Burwell was born either in 1711 or in 1712 at Fairfield, the residence on Carter’s Creek in Gloucester County of his parents, Elizabeth Carter Burwell and her first husband, Nathaniel Burwell (1680–1721). His grandfathers were Lewis Burwell (d. 1710), a wealthy Gloucester County planter, and Robert “King” Carter, one of the wealthiest men in North America, who served as president of the governor’s Council. Burwell’s younger brother, Carter Burwell, who built Carter’s Grove in James City County, was twice nominated for the Council but not appointed, and his youngest brother, Robert Burwell, sat on the Council at the time of the American Revolution (1775–1783). In 1724 his mother remarried, to George Nicholas, a Williamsburg physician. According to the directions of his father’s will, Burwell’s guardian, King Carter, sent him to England to be educated. He attended Eton from 1722 to 1729, when at the age of seventeen he matriculated at Gonville and Caius College of Cambridge University. Burwell remained there for four years. Like many young men of his time, he did not take a degree, but he may have begun to study law in London at the Inner Temple in February 1733 a few months before he returned to Virginia after receiving news of the death of King Carter.
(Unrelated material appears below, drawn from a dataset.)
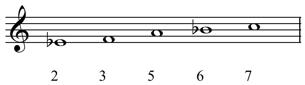 Pelog barang 'subdivision'. "The representations of slendro and pelog tuning systems in Western notation shown above should not be regarded in any sense as absolute. Not only is it difficult to convey non-Western scales with Western notation, but also because, in general, no two gamelan sets will have exactly the same tuning, either in pitch or in interval structure. There are no Javanese standard forms of these two tuning systems." Lindsay, Jennifer (1992). Javanese Gamelan, p.39-41. ISBN 0-19-588582-1.
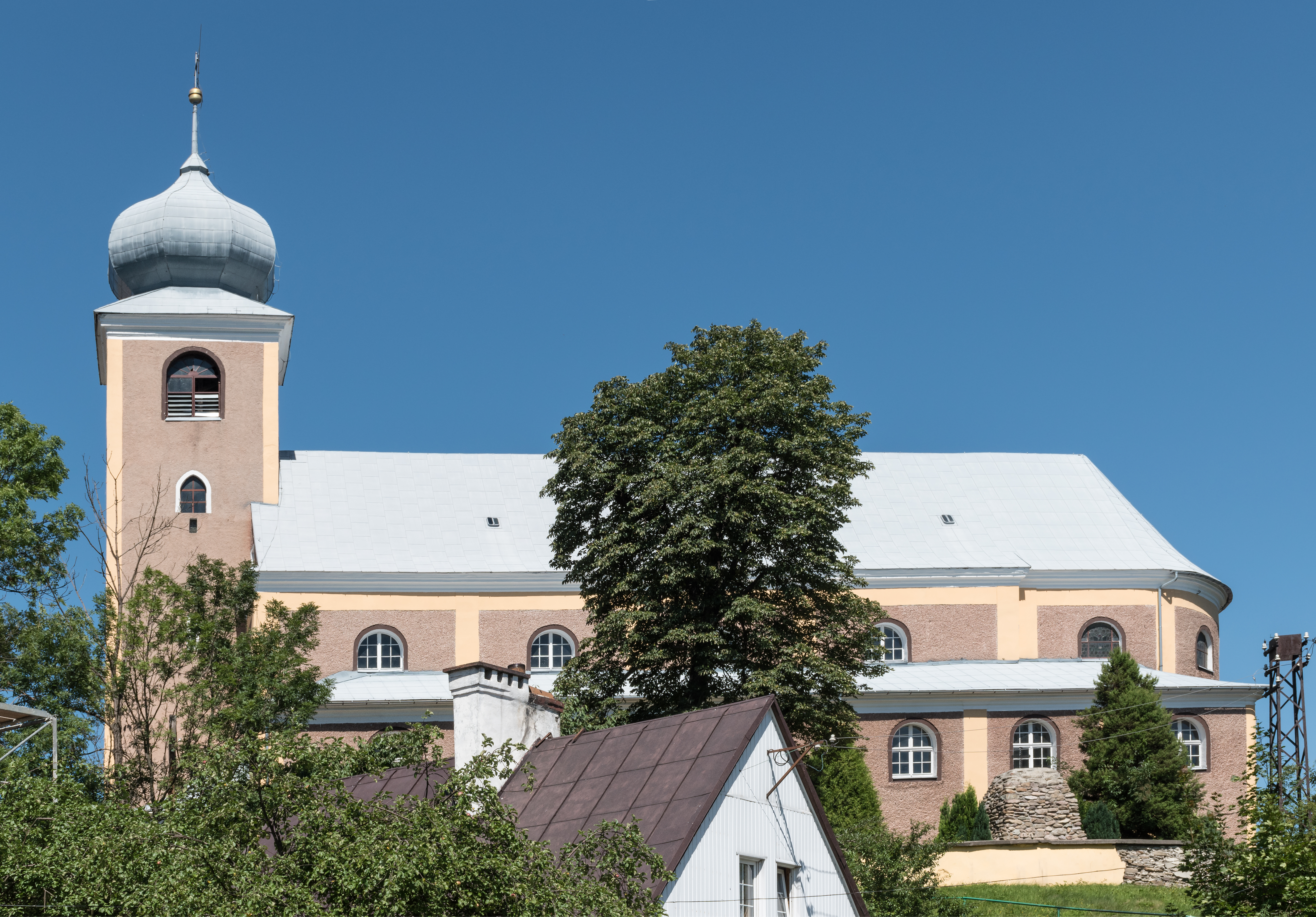 Our Lady Queen of Poland and Saint Maternus church in Stronie Śląskie

Burwell inherited a large amount of property from both parents’ sides of the family. The success of a series of lawsuits to settle inheritance rights to property in England and Virginia made him one of the wealthiest young men in the colony. Burwell continued to study law for a time after he returned to Virginia but evidently never practiced. During the third week of October 1736 he married Mary Willis. They had two or three sons and three daughters before she died in May 1746. His eldest son, Lewis Burwell (d. 1779), served in the Convention of 1776.
Lieutenant Governor Sir William Gooch noticed that Burwell returned to Virginia with a reserved and haughty manner that did not favorably impress his fellow colonists. Nevertheless, in 1742 Burwell was elected to the House of Burgesses from Gloucester County and named to the Committees of Privileges and Elections and of Propositions and Grievances. After serving in the short session that met from May 6 to June 19, he joined the top ranks of Virginia leadership. On February 10, 1743, King George II appointed Burwell to the governor’s Council. He took his seat on August 4, 1743, and remained a councillor until his death thirteen years later.
At the death of Thomas Lee on November 14, 1750, Burwell became the senior member of the Council, and because the governor and lieutenant governor were both out of Virginia at the time, he served as president, in effect acting governor of Virginia, until the arrival of Lieutenant Governor Robert Dinwiddie on November 21, 1751. No General Assembly met during Burwell’s administration, but he continued Gooch’s efforts to maintain peace with the Indians in the Ohio Valley, and he selected Joshua Fry and Peter Jefferson to prepare a new map of Virginia. Thus partly responsible for the famous Fry-Jefferson map, Burwell recognized its importance and remarked of Fry that “considering that we are yet a Country of Woods, it is surprising how he could draw so beautiful a Map of it.”
Often referred to in Virginia history as President Lewis Burwell, to distinguish him from several near-contemporaries of the same name, he was closely related to several other members of the Council. A sister married William Nelson (1711–1772), and his brother Carter Burwell married a sister of Philip Grymes. In the spring of 1751 Burwell’s ill health led him to visit one of the medicinal springs in western Virginia, and on several occasions the Council met at his Gloucester County residence, presumably because of his inability to travel to Williamsburg. After Dinwiddie took office Burwell never again attended the Council. The lieutenant governor wanted to replace him with a member who could participate, but the Burwells were so well connected among the powerful families of Virginia that he took no action. Dinwiddie identified the cause of Burwell’s incapacity as “a distemper in the Mind,” which may have resulted from a cancer or tumor. A nineteenth-century writer asserted that Burwell had injured his head in a fall from his horse while in England and that the lingering effects of the wound caused his poor health and death. Lewis Burwell died at Fairfield in Gloucester County on May 6, 1756, and was buried probably in the family cemetery there. His remains were later moved along with those of other family members to the yard of Abingdon Church.